Strong electron-withdrawing groups promote ionization and also contribute
to higher activity: only 3 (4, 9, 31) out of 24 compounds with log(1/EC50) > 6
have
pKa > 6.5 (Table 1). However, lipophilic moieties including alkyl chains and two or
three ring systems also affect the binding as well as disposition,
so the structure–activity relationships are complex.

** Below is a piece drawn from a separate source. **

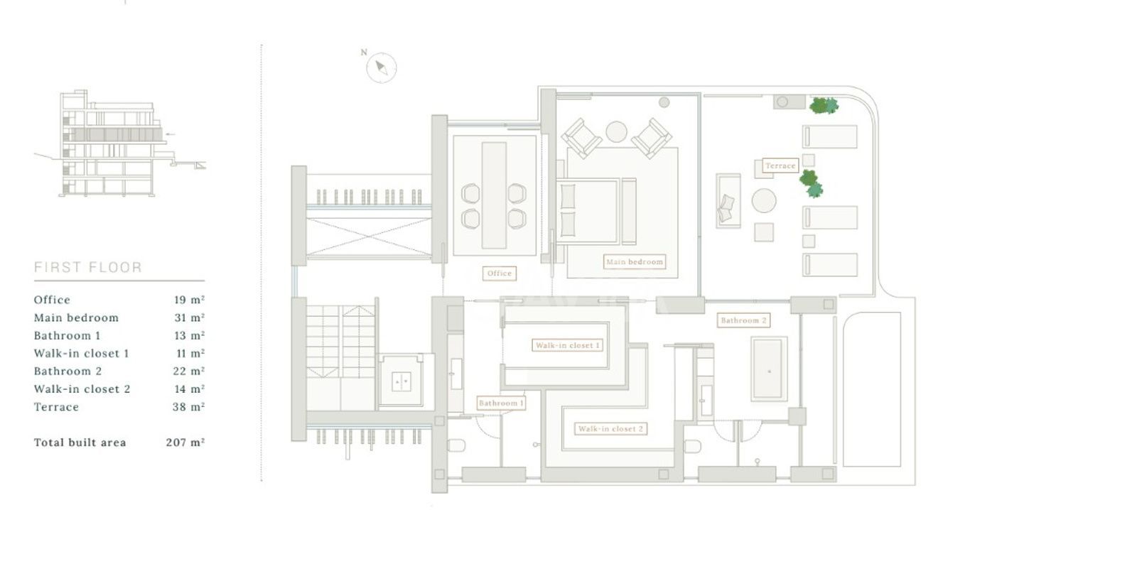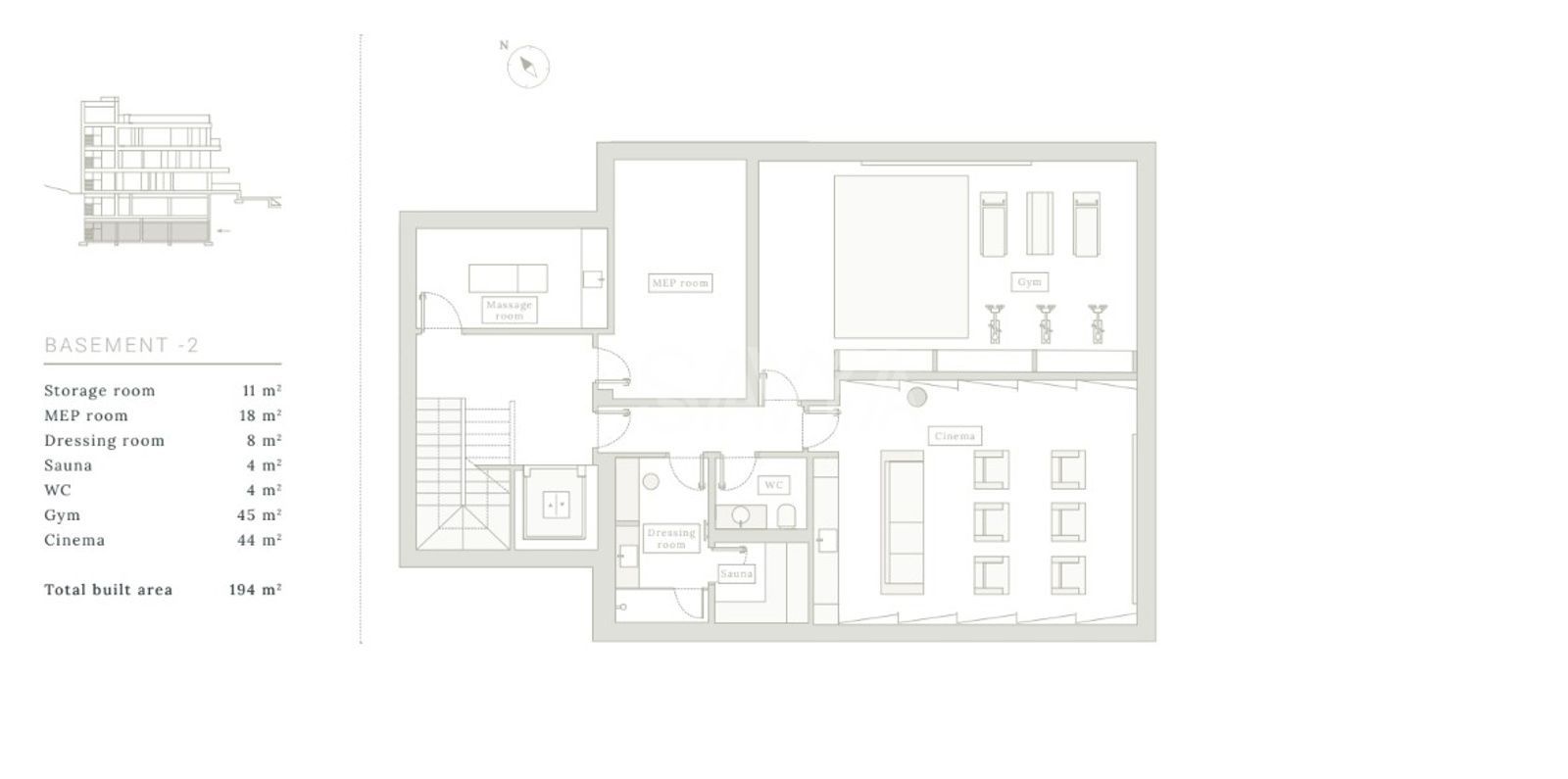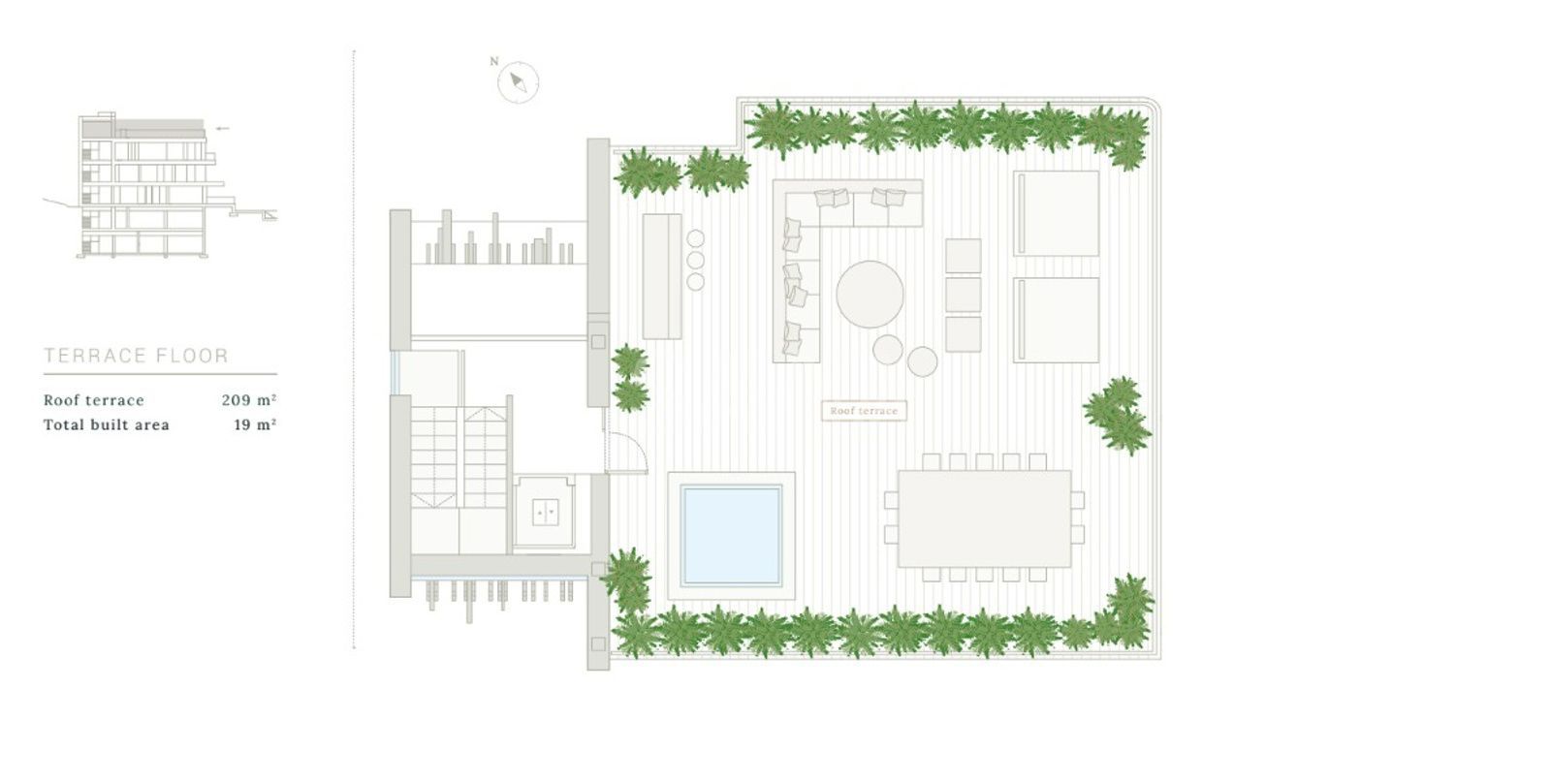 Entre sus prestaciones se encuentran espacios versátiles de descanso y recreo, jardines cuidadosamente diseñados y panorámicas vistas sobre Barcelona y el Mediterráneo. Además, incluye equipamientos de bienestar como gimnasio, sauna y zonas pensadas para ocio y entretenimiento.

Binding of Alkyl-Chain Analogues
The strongest binders,
compounds 17 and 18 (Table 1, log K > 4) with a 3-formylamino group
in
the salicylamide ring predominantly bind as neutral species in the
closed conformation. The shorter alkyl chains may allow sufficient
conformational freedom for these two compounds to make the best possible
interactions in the binding site, leading to high binding affinities.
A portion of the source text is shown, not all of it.